Она уже выходила во двор, бельё снимать. Она много гуляет и при этом совсем забывает о времени. На президентских выборах опять победил кандидат от социал-демократов, его противник на предвыборном собрании вынужден был опровергать обвинение в том, что он будто бы нацист. Я не мог отделаться от ощущения, что мать рассказывает мне анекдоты. Я попросил её дать адрес моего брата, он вот уже несколько лет работает на лесопилке где-то на севере штата Орегон. Зачем?

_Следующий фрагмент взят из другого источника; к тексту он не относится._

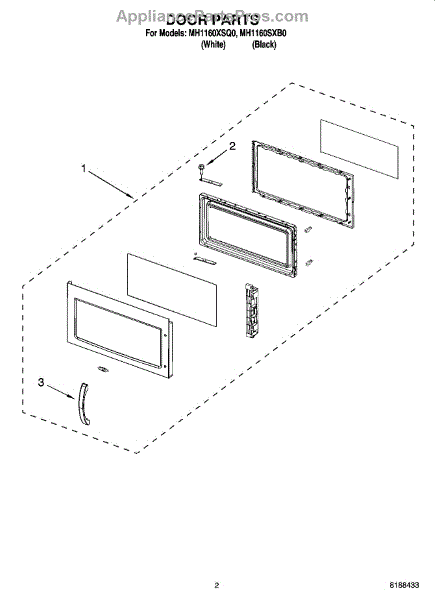 Parts for Whirlpool MH1160XSB0: 02 - Door Parts

— Мне надо туда, — ответил я.
Записал адрес. Местечко называлось Эстакада. Придётся переоформить
Я спустился вниз и долго сидел во внутреннем дворике под пальмой у бассейна. Ветер совсем стих, где-то у меня за спиной бармен сбивает коктейли, автоматы с кока-колой и имбирным пивом вокруг бассейна то и дело принимаются урчать, и, когда холодильник отключается, слышно, как внутри сотрясаются банки. Поверхность воды пуста, в низких лучах прожекторов по ней лениво перекатываются плавные волны, словно им неохота расставаться с последними дуновениями присмиревшего ветра. Звёзды в квадрате неба над внутренним двориком… Они сияют так ярко, что нельзя смотреть не мигая. И в воздухе такая прозрачность, что виден не только освещённый лунный серп, но и затенённая часть луны. Я понял вдруг, что до сих пор, пожалуй, так и не встретил в Америке человека, погружённого в бескорыстное созерцание. Люди здесь довольствуются механическим восприятием, потом взгляд равнодушно скользит в сторону, подыскивая следующий предмет. А если человек смотрит на что-нибудь дольше обычного, он незамедлительно принимает позу знатока. И селения здесь тоже не погружаются в ландшафт, сродняясь с ним, а всегда стоят на взгорке, норовя обособиться от окружения, словно их занесло сюда нелепой игрой случая. Только пьяные и наркоманы, да ещё безработные тупо глазеют в пространство прямо перед собой — безо всякого выражения. Разве я пьян? Я начал подталкивать стакан к краю стола, пока он, скользнув по скруглённой кромке, не свалился в бассейн.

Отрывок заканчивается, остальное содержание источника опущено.